Le problème du prix et de la valeur   

  

Par Michael Palij, MW

 

La question de savoir s’il vaut la peine de payer plus cher une bouteille de vin est une question aussi difficile que fiscale. Au niveau fédéral, les droits sont perçus par litre de liquide (ou par litre d’alcool pur, de sorte qu’il faut supposer que tous les vins ont le même niveau alcoométrique volumique) et non comme pourcentage du prix de vente; si vous passez au niveau supérieur, vous pourriez avoir un meilleur vin pour votre argent. Il existe très certainement différents niveaux de qualité pour le vin, mais le rapport avec le prix n’est pas linéaire.  D’une part, 96 % du vin est consommé dans les 24 heures suivant l’achat. La presque totalité passera les lèvres sans que le radar du plaisir ne s’aperçoive de quoi que ce soit. À l’autre extrême, les meilleurs vins du monde sont achetés pour des dizaines de milliers de dollars la bouteille, souvent par des consommateurs qui ne pourraient pas reconnaître une telle qualité si on leur servait le même vin à l’aveugle. Il doit bien y avoir un juste milieu fertile où les vins dépassent les attentes, non?

 

 

 

 

Quel est donc le point idéal? Il y a deux façons d’aborder cette question. La taxe est souvent un montant fixe et, par conséquent, le pourcentage du prix de la bouteille qui revient aux autorités fiscales est disproportionnellement plus élevé dans le cas d’un vin moins cher. Doubler le prix de détail permet d’avoir 10 fois plus d’argent à dépenser sur le liquide. Cela suppose toutefois que tous les autres coûts demeurent constants. Les emballages haut de gamme coûtent beaucoup plus cher (un bouchon AAA de 48 mm coûte aujourd’hui 3 dollars canadiens, et ce, juste pour le bouchon) et les marges des producteurs varient grandement.

 

 

 

 

Il est pratiquement impossible de dépenser plus de 42 dollars canadiens en coûts variables dans la production d’une bouteille de vin (bouchons de fantaisie, faibles rendements, 100 % de chêne neuf, main-d’œuvre, amortissement, etc.), mais en excluant le coût du capital. Autrement dit, en excluant la valeur des terres. Les grands crus de Bourgogne coûtent actuellement 14,4 millions de dollars canadiens par hectare et les rendements sont de 40 hl/ha. Pour simplifier les chiffres, cela représente 144 dollars canadiens par bouteille pour un rendement de 5 %. Et ce, avant même d’avoir produit du vin (ou réalisé des bénéfices).

 

 

 

 

Alors, vers qui le consommateur avisé peut-il se tourner?
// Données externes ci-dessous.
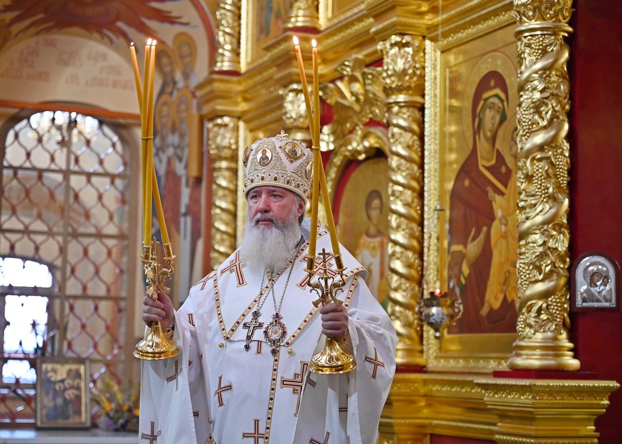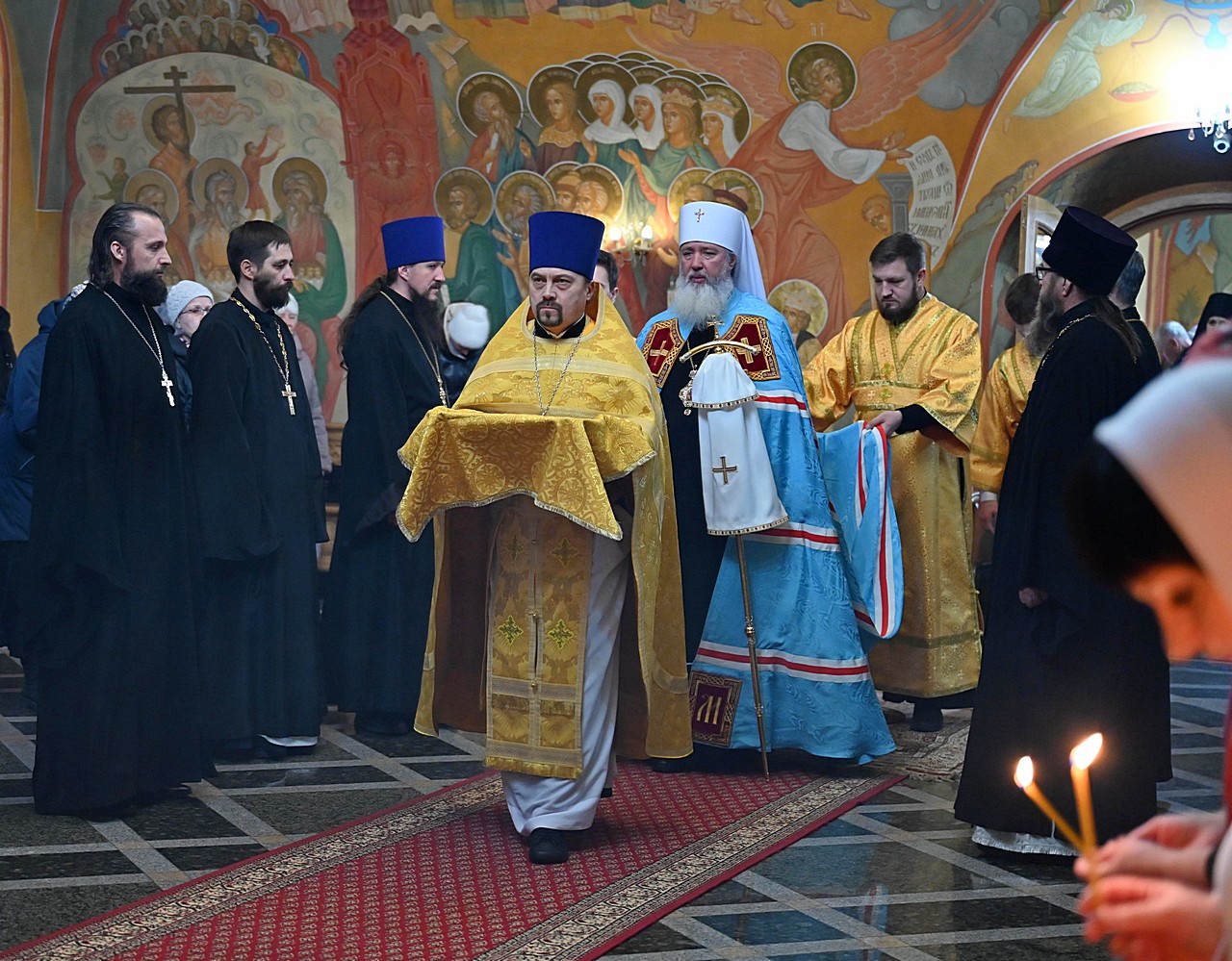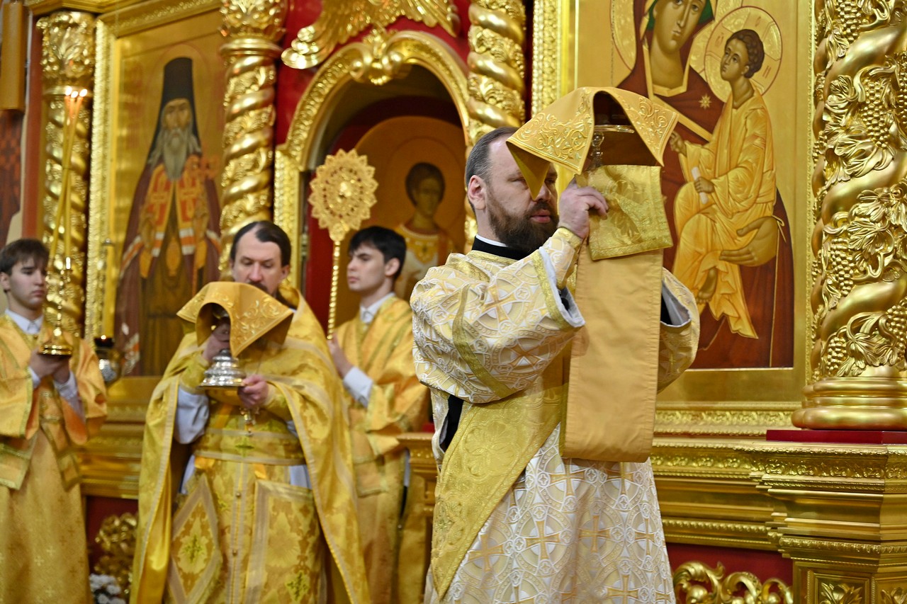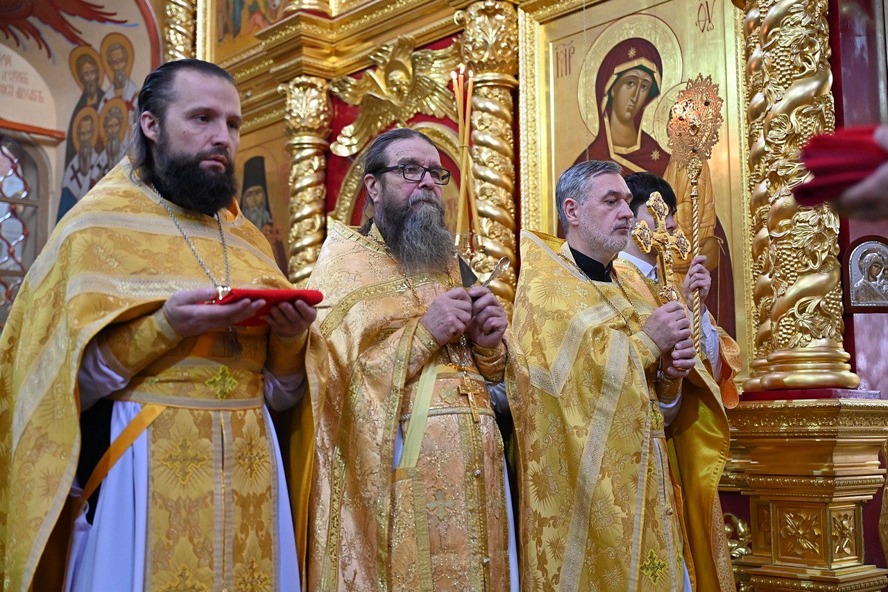 Воскресная Божественная литургия архиерейским служением состоялась 23 ноября 2025 года, в Неделю 24-ю по Пятидесятнице в Богоявленском кафедральном соборе.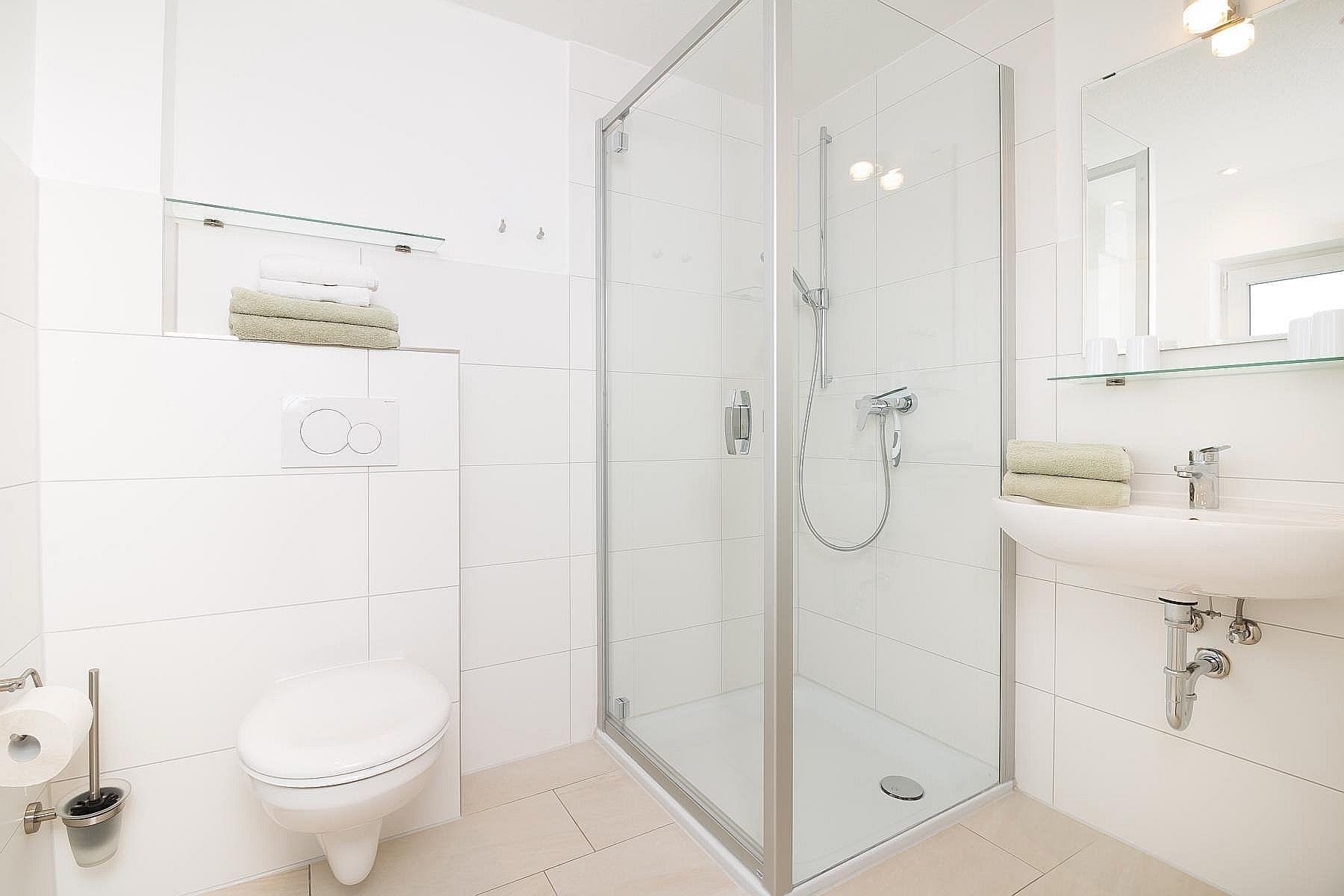Vom Flur aus gehen Sie ins Badezimmer mit Dusche und WC. Im kleinen Abstellraum finden Sie Besen, Staubsauger und Zubehör.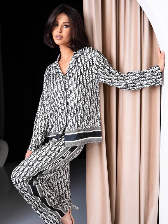 Красивая, уютная пижама в стиле известного бренда состоит из двух предметов: рубашка, брюки.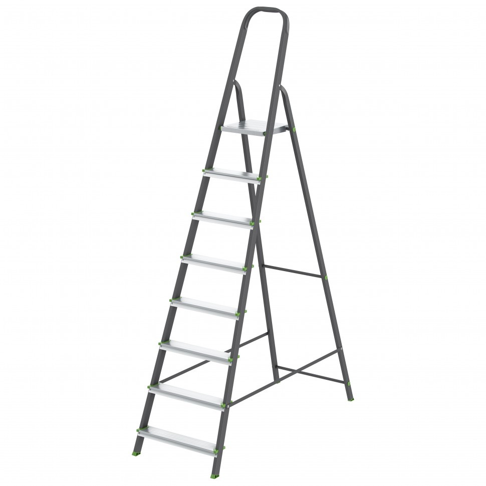 Стремянка 8 ступеней стальной профиль, алюминиевые ступени СИБРТЕХ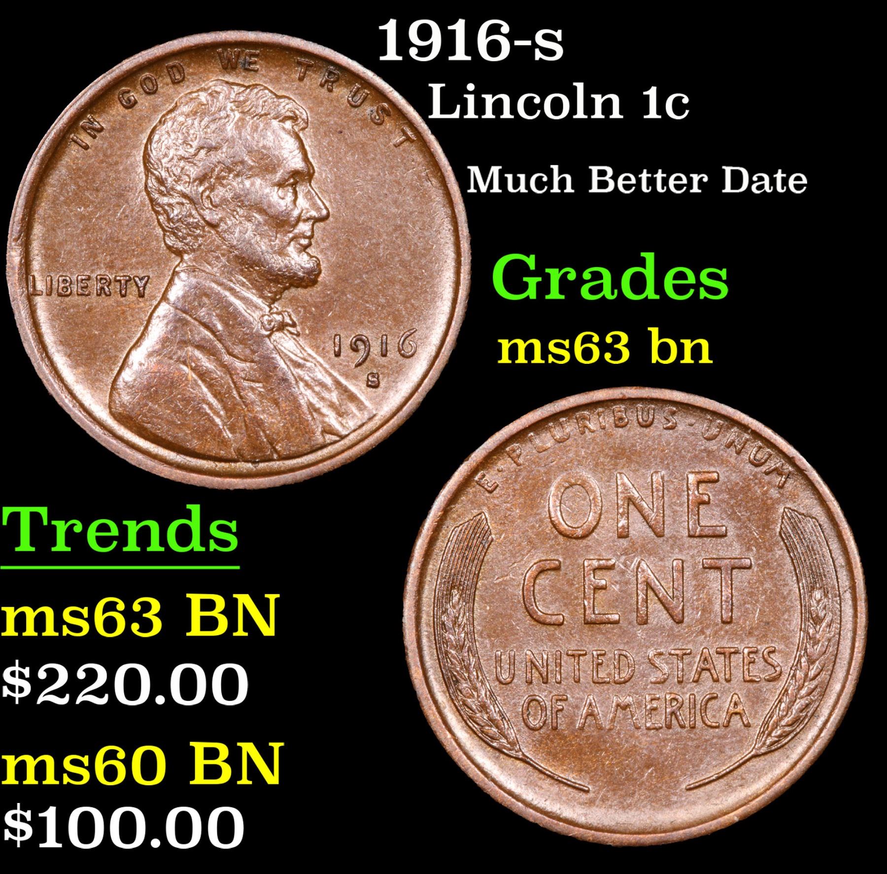 1916-s Much Better Date . Lincoln Cent 1c Grades Select Unc BN. A Corey's Pick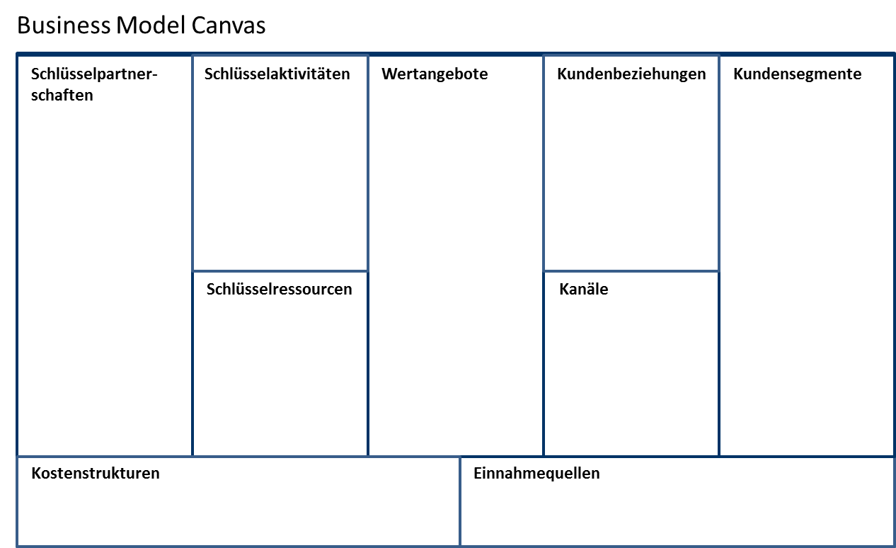 Entwicklung, Analyse, Design und Kommunikation von Geschäftsmodellen mit Hilfe des visuellen Werkzeugs Business Model Canvas mit seinen 9 essenziellen Bausteinen, durch die jedes Business Modell beschrieben werden kann.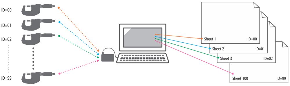 Up to 100 Digimatic gages can be registered 100 Digimatic gages at maximum can be registered to a receiver and the same number of Excel sheets can be designated. |
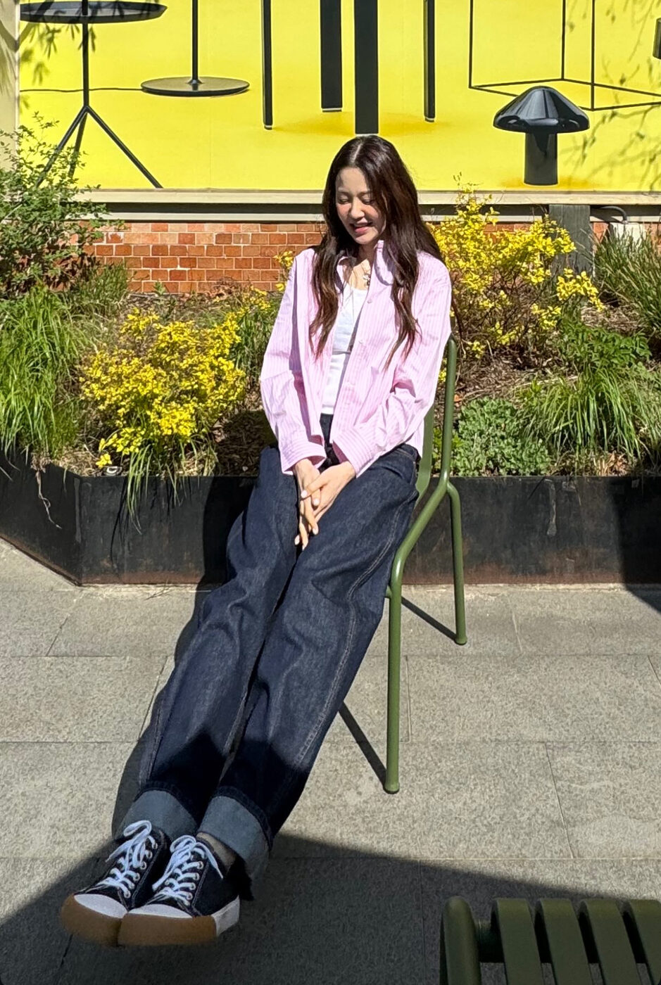 고현정의 핑크 셔츠가 유독 화사하고 밝아 보였던 건 아래의 인디고 덕분이었을지도요. 이 생지 데님이 워낙 짙은 색이라 어떤 컬러와 함께 매치해도 그 색을 더 돋보이게 만드는 특성이 장점이라 할 수 있는데요. 반대로 상의를 화이트나 크림으로 바꾸면 훨씬 미니멀하고 깔끔한 무드가 됩니다. 같은 인디고 팬츠 하나로 상의 컬러만 바꿔도 전혀 다른 분위기를 낼 수 있다는 뜻이죠.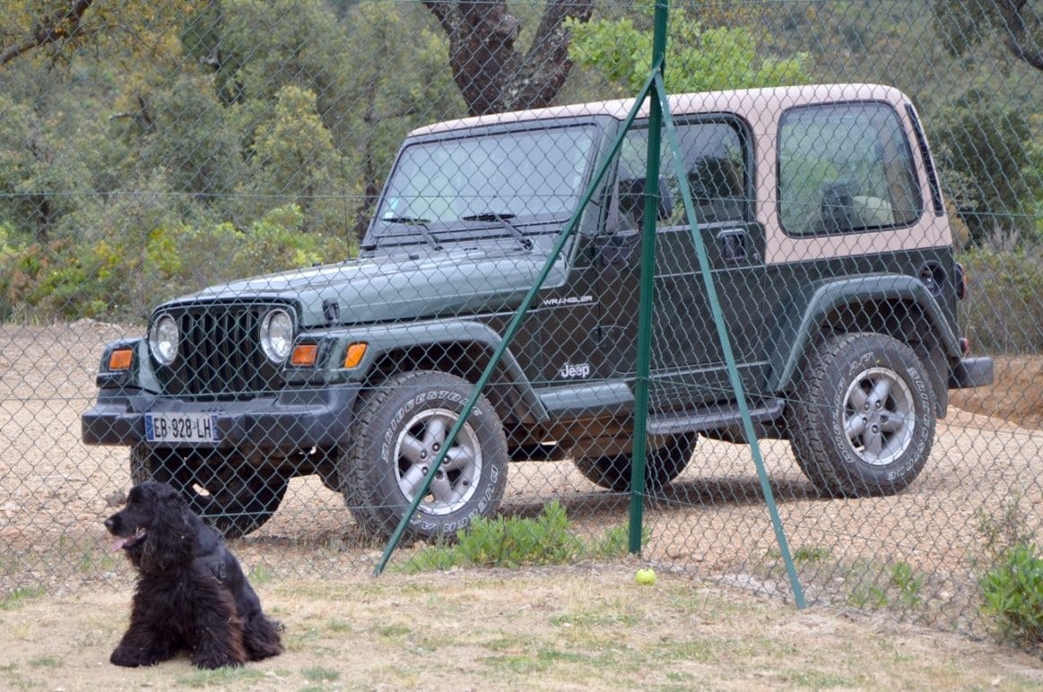 J’ai donc résolu d’en revenir pour mes balades de retraité, à une bonne Jeep Wrangler type II (avec les ressorts hélicoïdaux et pas les lames de ressorts de type charrette), en 6 cylindres 4L0 et boîte auto (par paresse, facilité et praticabilité)…, engin (rare) découvert par hasard en revenant du cours de mon Cocker Blacky chez ma comportementaliste canine préférée…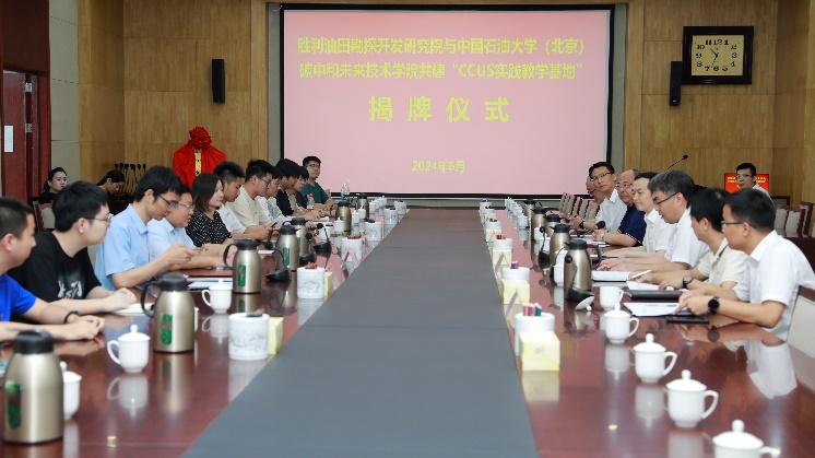 2024年6月27日,beat365在线唯一官网(北京)碳中和未来技术学院与胜利油田勘探开发研究院共建的“CCUS(碳捕集、利用与封存)实践教学基地”揭牌仪式在胜利油田勘探院举行,胜利油田勘探开发研究院院长、党委副书记张世明,副院长、党委常委翟亮,油田高级专家张传宝,院首席专家兼科研计划部经理肖武,院首席专家季岩峰,院副总师兼人力资源(组织)部经理王长轩,气驱试验室经理李宗阳,beat365在线唯一官网(北京)碳中和未来技术学院副院长芮振华,院长助理杨磊磊,教师代表赵阳参加了揭牌仪式,活动由胜利油田勘探院副院长翟亮主持。

Il est judicieux de dépenser au moins le double de la moyenne nationale et de choisir un exemple authentique d’une région moins connue. Comme me l’a dit un jour un grand ami norvégien (où les prix sont habituellement élevés), « achetez bon marché, achetez deux fois ». Le Portugal, l’Allemagne et l’Italie proposent tous des vins de qualité à un prix très raisonnable. Les meilleurs rieslings, par exemple, durent aussi longtemps que leurs équivalents bordelais rouges, mais sont rarement aussi inabordables.

 

 

 

 

Personne ne peut nier le plaisir qu’il y a à tirer le bouchon d’une grande bouteille, en particulier d’une bouteille que l’on a soigneusement nourrie de sa jeunesse à sa maturité. De nombreux vins modestes gagnent en complexité au fil des mois lorsque mis en cave correctement. Criez à l’injustice si vous le souhaitez, mais l’évolution des modèles sociaux dans le monde post-pandémique peut s’avérer utile. Pour certains, rester à la maison est la nouvelle façon de sortir, et une bouteille de qualité supérieure dégustée à la maison coûtera probablement beaucoup moins cher qu’une tournée de Martinis. Avis à tous ceux qui aiment depuis le confort de leur fauteuil : doublez la mise. Les jeux sont faits, et nous avons un gagnant.

 

 

 

 

 

MICHAEL PALIJ MW est le troisième Master of Wine canadien. Il est spécialisé dans les vins italiens et a fait découvrir à Opimian des producteurs vraiment spéciaux tels que Cabutto, Giovanna Tantini et Cantina Clavesana.